Supplied material

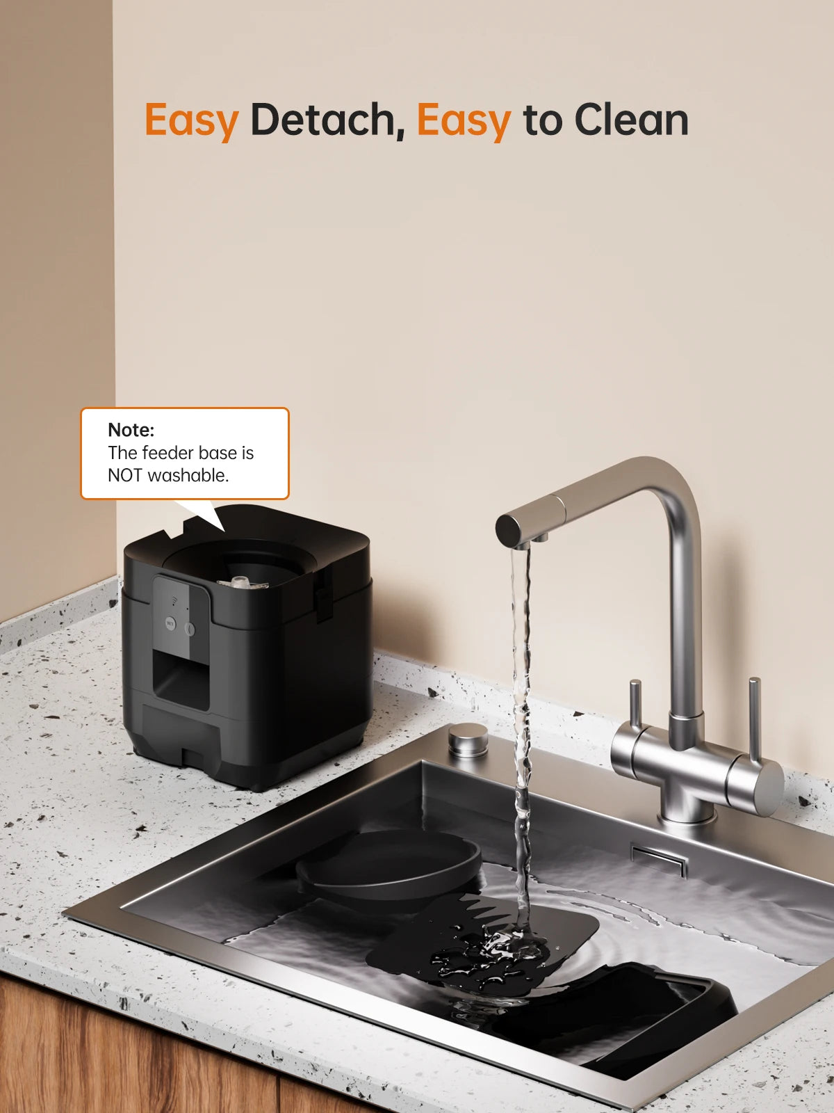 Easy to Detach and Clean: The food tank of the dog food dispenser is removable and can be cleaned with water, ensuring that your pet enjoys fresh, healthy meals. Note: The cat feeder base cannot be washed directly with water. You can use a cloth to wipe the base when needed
* * *
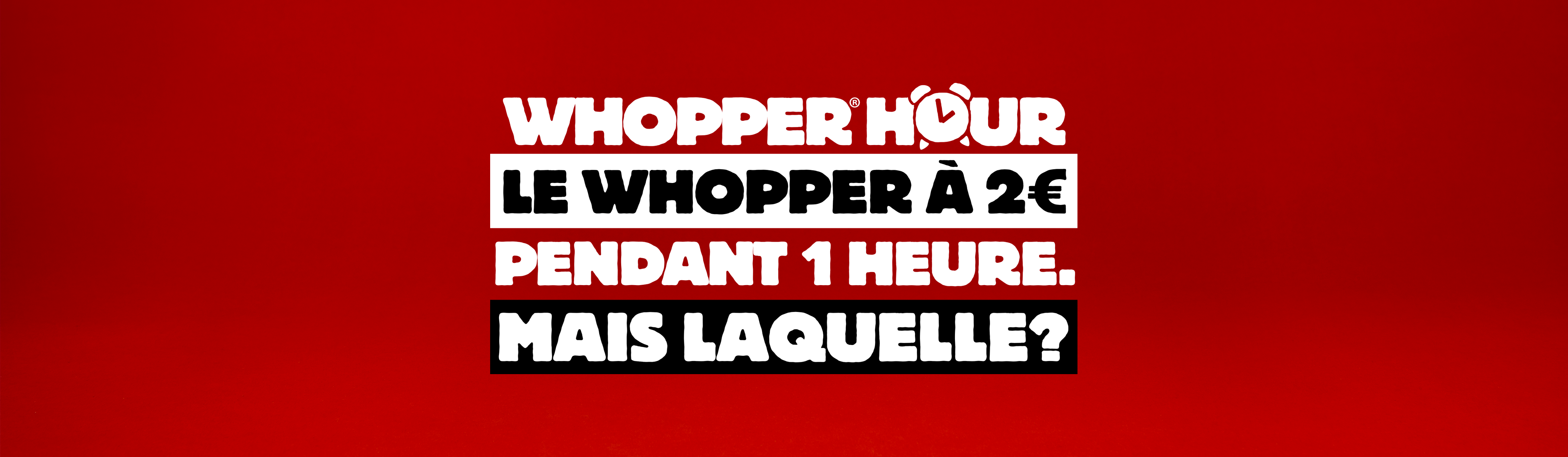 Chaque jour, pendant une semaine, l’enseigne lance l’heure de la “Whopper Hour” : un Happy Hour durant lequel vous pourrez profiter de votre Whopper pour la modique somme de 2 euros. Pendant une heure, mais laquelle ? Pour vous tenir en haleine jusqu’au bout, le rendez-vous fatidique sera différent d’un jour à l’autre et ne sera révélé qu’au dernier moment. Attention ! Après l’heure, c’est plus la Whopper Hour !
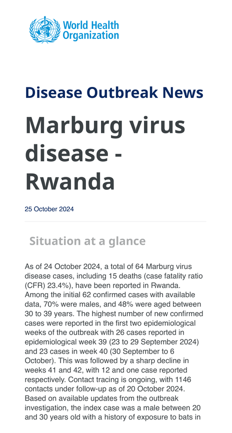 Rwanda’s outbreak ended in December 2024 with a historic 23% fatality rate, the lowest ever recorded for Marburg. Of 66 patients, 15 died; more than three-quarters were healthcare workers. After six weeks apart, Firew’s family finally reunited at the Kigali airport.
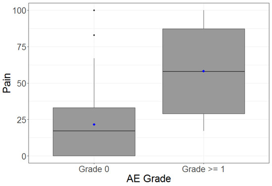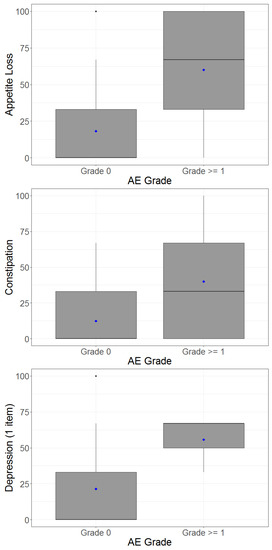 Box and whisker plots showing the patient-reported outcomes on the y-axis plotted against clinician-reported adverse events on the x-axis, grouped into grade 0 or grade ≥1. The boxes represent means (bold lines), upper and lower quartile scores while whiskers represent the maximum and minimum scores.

Task goal
Using the entries above, repeat exactly the lines from the one with "Chaque jour, pendant" to the one with "Box and whisker", both included, and leave the pictures behind.

Solution to this problem
 Chaque jour, pendant une semaine, l’enseigne lance l’heure de la “Whopper Hour” : un Happy Hour durant lequel vous pourrez profiter de votre Whopper pour la modique somme de 2 euros. Pendant une heure, mais laquelle ? Pour vous tenir en haleine jusqu’au bout, le rendez-vous fatidique sera différent d’un jour à l’autre et ne sera révélé qu’au dernier moment. Attention ! Après l’heure, c’est plus la Whopper Hour !
 Rwanda’s outbreak ended in December 2024 with a historic 23% fatality rate, the lowest ever recorded for Marburg. Of 66 patients, 15 died; more than three-quarters were healthcare workers. After six weeks apart, Firew’s family finally reunited at the Kigali airport.
 Box and whisker plots showing the patient-reported outcomes on the y-axis plotted against clinician-reported adverse events on the x-axis, grouped into grade 0 or grade ≥1. The boxes represent means (bold lines), upper and lower quartile scores while whiskers represent the maximum and minimum scores.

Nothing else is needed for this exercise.